We might decide to allow a Quechua medial to match either a Chinese medial or final, to catch resemblances like runa/rén and chinchi/chong. To do this we need to compute the chance that a Quechua medial matches a Chinese final, as follows. (We can skip Quechua medials for which none of the corresponding Chinese sounds can end a word.)
Medial-to-final
a aeo | .25907 * .3300 = | .08549 |
i iey | .08808 * .4521 = | .03982 |
l lr | .00415 * .0163 = | .00007 |
m mn | .04145 *.1161 = | .00481 |
n mn ng | .06528 * .2363 = | .01543 |
r lr | .05078 * .0163 = | .00083 |
u uow | .11399 * .2138 = | .02437 |
w wu | .01451 * .1202 = | .00174 |
y yi | .04145 * .2933 = | .01216 |
ñ mn ng y | .01244 * .2363 = | .00294 |
ll lry | .01865 * .0163 = | .00030 |
This can be added to the previous medial-to-medial estimate, on the grounds that when a medial doesn't match another medial, we're giving it another chance to match a final.
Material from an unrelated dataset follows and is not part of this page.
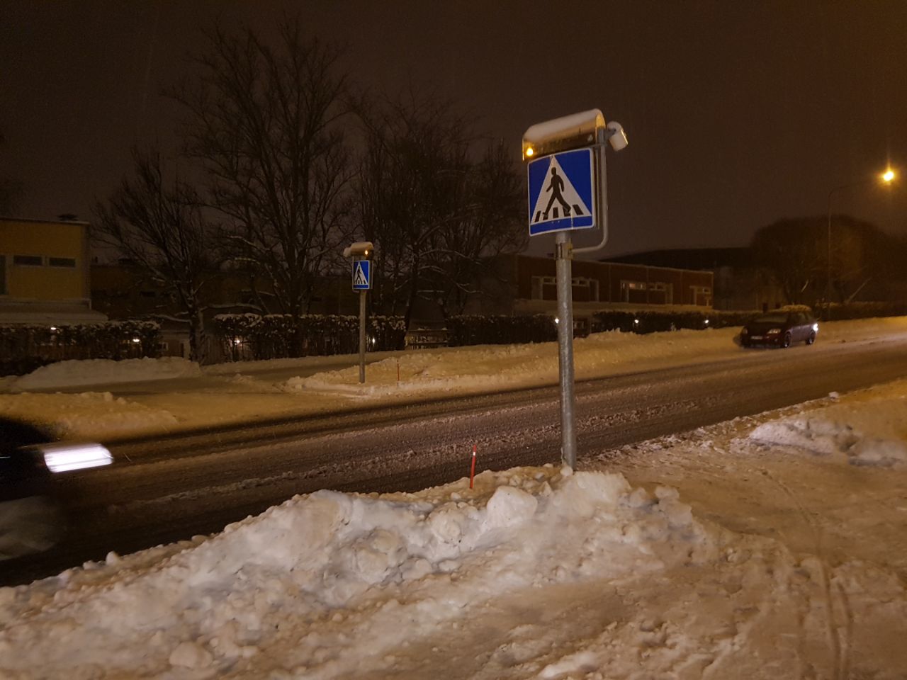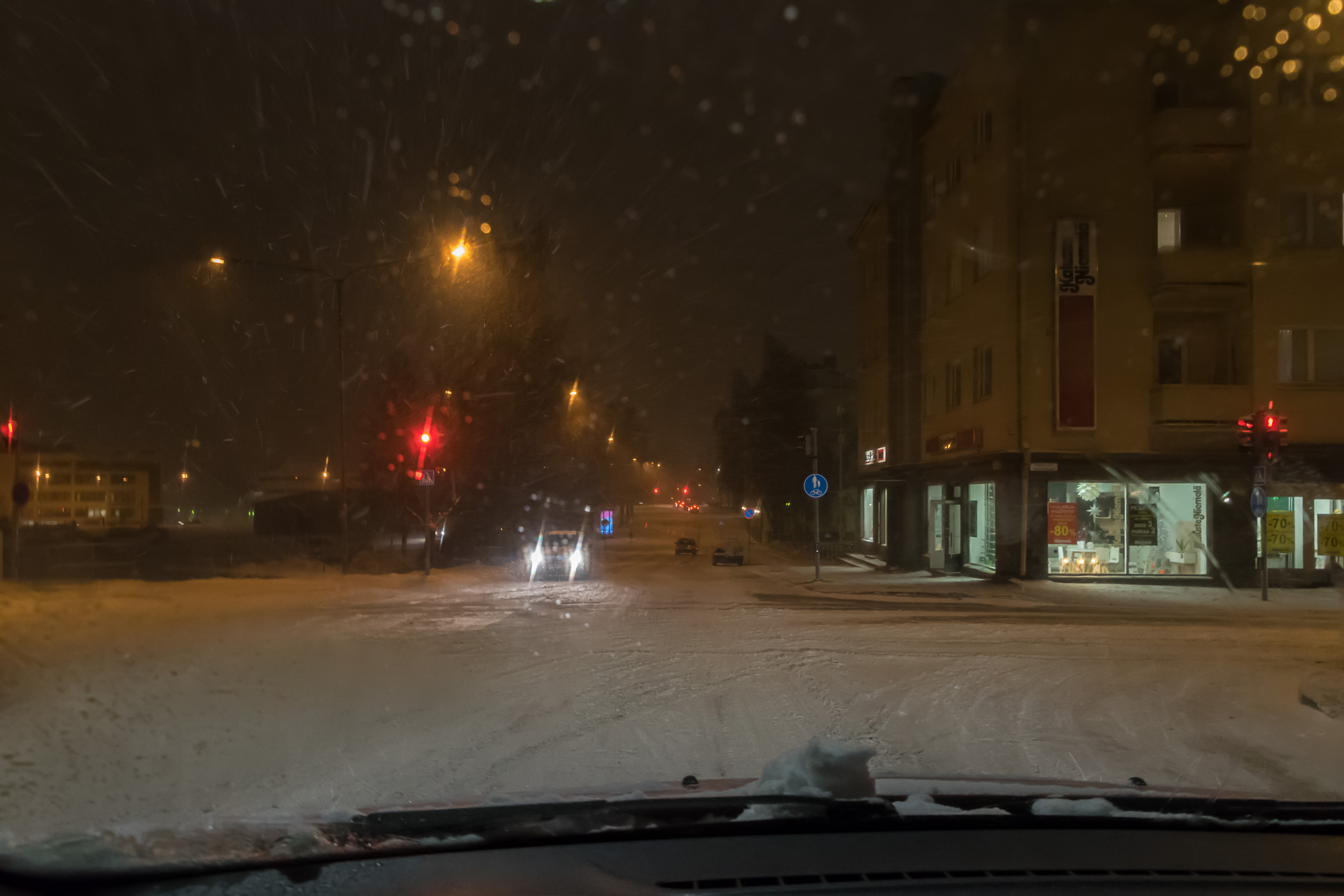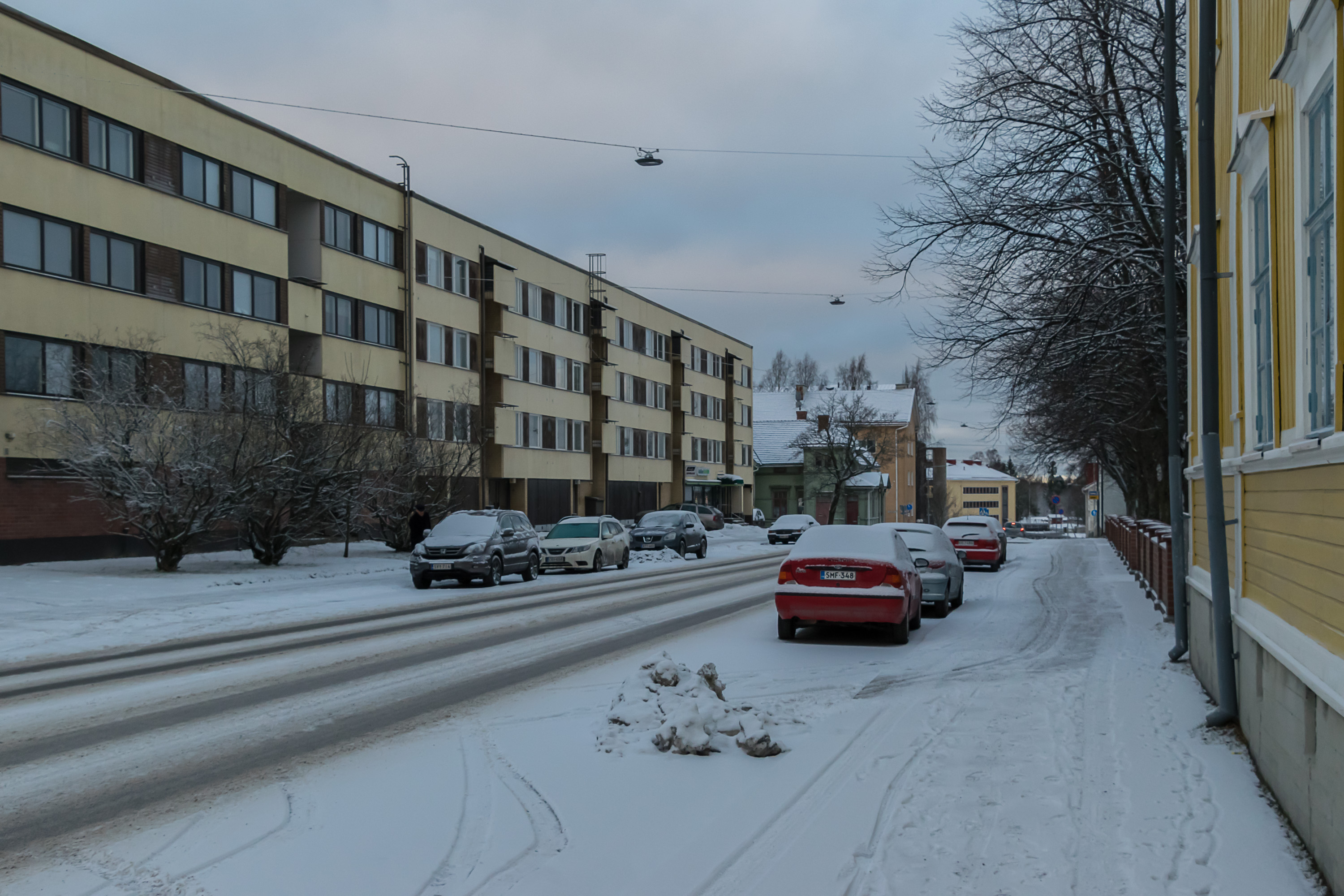 Но более типичная зимняя улица выглядит скорее так. Ограничение на этой улице — 40 км/ч, потому что жилой район. Так во всем центре и большинстве жилых районов, редко 50 км/ч, в совсем тихих местах — 30 км/ч. Разумеется, больше чем на несколько км/ч никто не превышает. Полицейские в засадах не сидят и камер в городе буквально пара штук на выездах, но если все же поймают, мало не покажется. Да и не превысишь тут особо, почти все улицы 1+1 полоса, и обгонять негде.
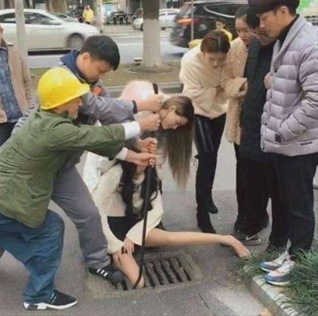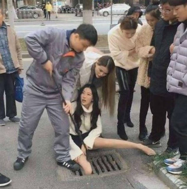 Çin'de telefonla konuşurken yolda yürüyen bir kadın rögar kapağına sıkıştı. Sağlık görevlileri olaya hemen müdahale ederken, ilginç anlar kameralara böyle yansıdı.

However, the additional chance should be discounted by the probability (30% in my sample Chinese text) that the initial and final are the same (that is, that the word is just two phonemes long). So the medial-to-medial-or-final probability is .1751 + (.1880 * .70) = .3067.
The probability of finding a random match on a single word (no semantic leeway) can now be given as .0931 * .3067 * .2504 = 0.0071.
This estimate could be revised still further to take account of such things as metathesis (switched consonants), or Quechua's initial consonant clusters. Note that both examples allow additional matches, and thus will increase p even more.
Since this probability is obviously going to be much higher, I don't recommend trying to combine both types of match into a single p, which would understate the difficulty of finding 3-phoneme matches and overstate that of 2-phoneme matches.
We can estimate the probability of a 2-phoneme match by using the probability of a match on initials times that of a Quechua medial matching a Chinese medial or final: .0931 * .3066 = .0285 or about 1 in 35.
This could be refined by adding the probability that a Quechua final matches a Chinese medial or final, this time discounted by the probability that the Quechua medial is also the final.
If you want to avoid phonetic calculations entirely, there's an alternative approach: We pick a word a in A, then pick the word b in B which most closely resembles it phonetically. To handle phonetic looseness, we pick the n words in B which most closely resemble it phonetically.
The advantage is that we don't have to mess with phonetic details or how to match the phonologies of different languages. We can proceed quickly to an estimate of how many matches we can expect to find in general between two languages.
The disadvantage is that this approach doesn't lend itself to evaluating other people's claims. You can picture (say) Greenberg & Ruhlen examining the n words in Tfaltik that most closely resemble maliq'a. But what is their n? To give a reasonable estimate we have to dive back into phonetic details and probabilities.